[Stored data entries]

* * *

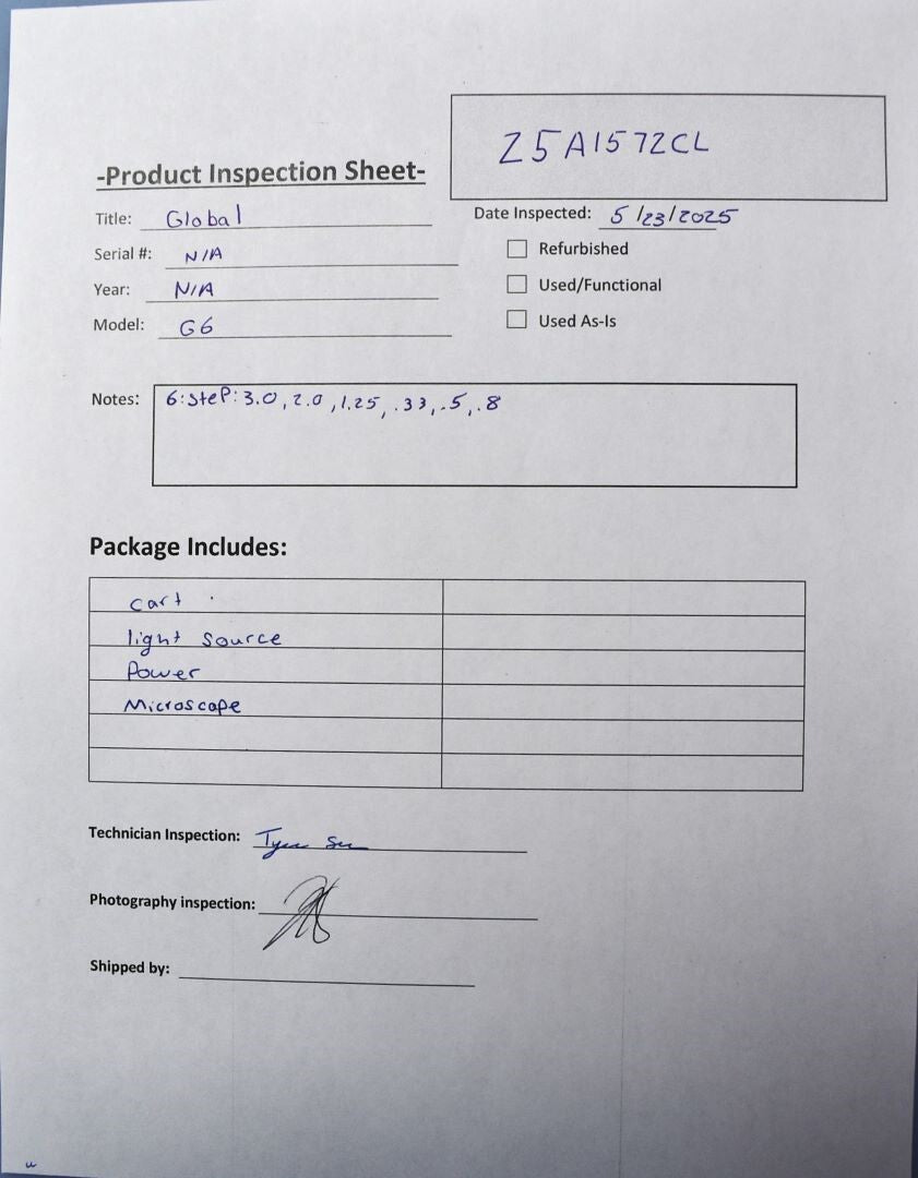 Your purchase will NOT include: This product is pre-owned and may not include the same accessories as a new, unused unit. - any other accessories not shown or listed here.I plugged this item in and turned the light source on. After that I simply put my hand under the lenses about 8 inches and got it focused. This unit is fully functional. The lenses are in good condition with no marks or scratches. Cosmetically this microscope is in good condition with some marks on the base but nothing serious. Test Results: Passed
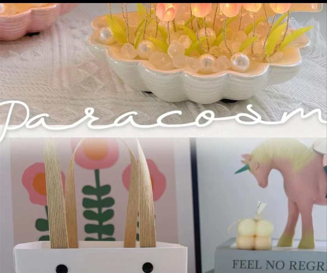 • 핑크 세라믹 쉘 20 핑크 튤립 야간 조명 [풀 패키지] + 윈도우 선물 가방
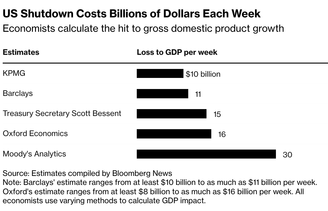 Why it matters: Even as an end appears in sight, the shutdown’s damage has already been immense, costing an estimated average of $15 billion per week and could have shaved 1.5 percentage points off U.S. GDP growth by mid November according to the CBO. Over 40 million Americans faced disrupted SNAP food aid, many receiving only half their benefits in November. Air travel ground to a halt as FAA staffing shortages forced mass flight cancellations, and critical programs like Head Start had their funds suspended.
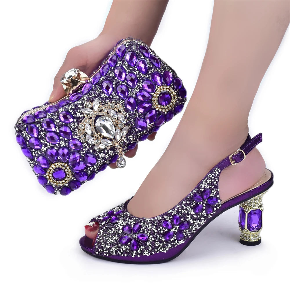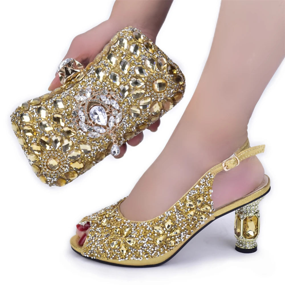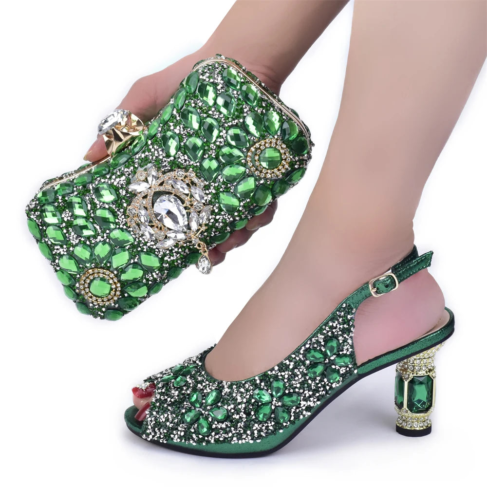 2022 Italian Rhinestone Bridal Heels Bag Set
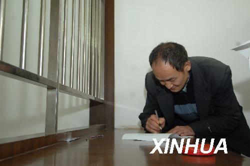 11月18日,周正龙在旬阳县看守所办理相关手续。周正龙在11月17日晚22时30分二审法院改判缓刑后,于18日上午11时许,在旬阳县看守所办理完相关手续后,离开看守所回家。新华社记者丁海涛摄
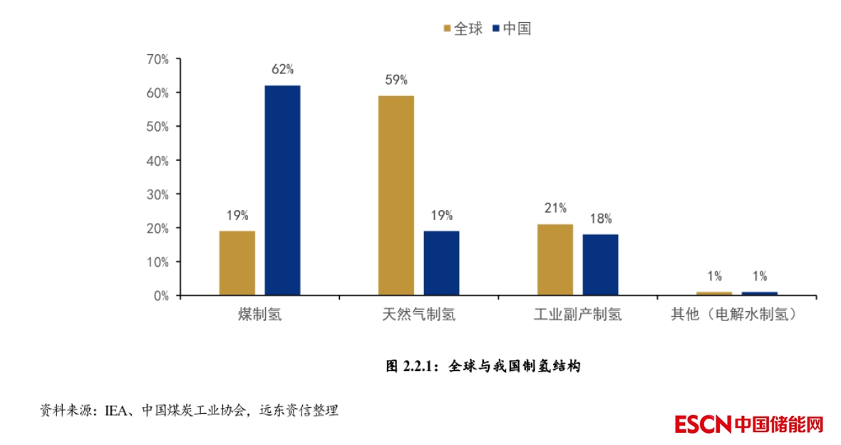 目前氫氣的生產(chǎn)方式主要分為三種,分別為化石燃料制氫、工業(yè)副產(chǎn)制氫和電解水制氫?;剂现茪渲饕?以煤炭為還原劑水蒸氣為氧化劑,在高溫下將碳轉(zhuǎn)化為 CO 和 H2為主的合成氣,然后經(jīng)過煤氣凈化、CO 轉(zhuǎn)化以及 H2提純等主要生產(chǎn)環(huán)節(jié),最終生成氫氣。工業(yè)副產(chǎn)制氫是指在生產(chǎn)過程中,利用富含氫氣的終端廢棄物或副產(chǎn)物作為原材料,采用變壓吸附法(PSA)回收提純制取氫氣。電解水制氫,顧名思義是通過對加入電解液的水通電,分解成為氫氣和氧氣。
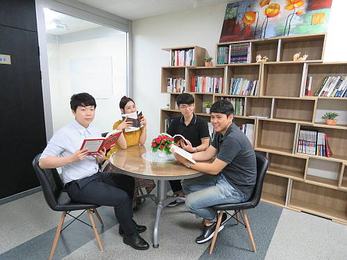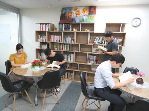 전 직원이 자발적으로 책을 기부했고 회사 측은 도서 구비를 위한 책꽂이와 테이블, 의자 등 가구를 구입해 사무실 한 편을 단장했다. 딱딱한 사무실 공간이 편안한 휴식의 공간으로 재탄생한 것.
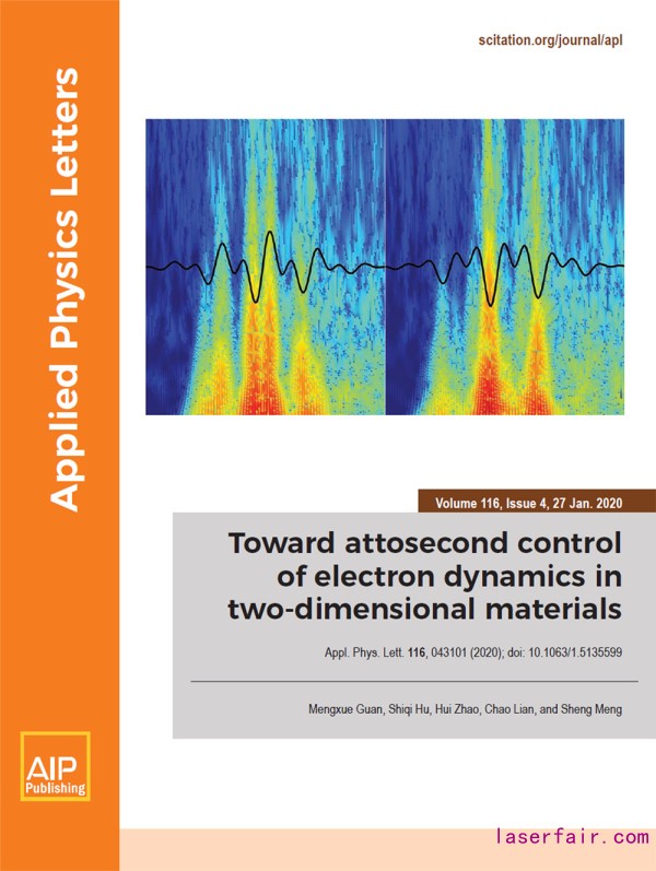 圖4.Appl. Phys. Lett.封麵。圖中展示的是二維固體(ti) 在相位差分別為(wei) π/2和π的雙激光脈衝(chong) 下(黑線)的輻射譜隨時間的變化

* * *

→ **Task item**: Restate each entry exactly, omitting pictures.

→ **Written solution**:
 Your purchase will NOT include: This product is pre-owned and may not include the same accessories as a new, unused unit. - any other accessories not shown or listed here.I plugged this item in and turned the light source on. After that I simply put my hand under the lenses about 8 inches and got it focused. This unit is fully functional. The lenses are in good condition with no marks or scratches. Cosmetically this microscope is in good condition with some marks on the base but nothing serious. Test Results: Passed
 • 핑크 세라믹 쉘 20 핑크 튤립 야간 조명 [풀 패키지] + 윈도우 선물 가방
 Why it matters: Even as an end appears in sight, the shutdown’s damage has already been immense, costing an estimated average of $15 billion per week and could have shaved 1.5 percentage points off U.S. GDP growth by mid November according to the CBO. Over 40 million Americans faced disrupted SNAP food aid, many receiving only half their benefits in November. Air travel ground to a halt as FAA staffing shortages forced mass flight cancellations, and critical programs like Head Start had their funds suspended.
 2022 Italian Rhinestone Bridal Heels Bag Set
 11月18日,周正龙在旬阳县看守所办理相关手续。周正龙在11月17日晚22时30分二审法院改判缓刑后,于18日上午11时许,在旬阳县看守所办理完相关手续后,离开看守所回家。新华社记者丁海涛摄
 目前氫氣的生產(chǎn)方式主要分為三種,分別為化石燃料制氫、工業(yè)副產(chǎn)制氫和電解水制氫?;剂现茪渲饕?以煤炭為還原劑水蒸氣為氧化劑,在高溫下將碳轉(zhuǎn)化為 CO 和 H2為主的合成氣,然后經(jīng)過煤氣凈化、CO 轉(zhuǎn)化以及 H2提純等主要生產(chǎn)環(huán)節(jié),最終生成氫氣。工業(yè)副產(chǎn)制氫是指在生產(chǎn)過程中,利用富含氫氣的終端廢棄物或副產(chǎn)物作為原材料,采用變壓吸附法(PSA)回收提純制取氫氣。電解水制氫,顧名思義是通過對加入電解液的水通電,分解成為氫氣和氧氣。
 전 직원이 자발적으로 책을 기부했고 회사 측은 도서 구비를 위한 책꽂이와 테이블, 의자 등 가구를 구입해 사무실 한 편을 단장했다. 딱딱한 사무실 공간이 편안한 휴식의 공간으로 재탄생한 것.
 圖4.Appl. Phys. Lett.封麵。圖中展示的是二維固體(ti) 在相位差分別為(wei) π/2和π的雙激光脈衝(chong) 下(黑線)的輻射譜隨時間的變化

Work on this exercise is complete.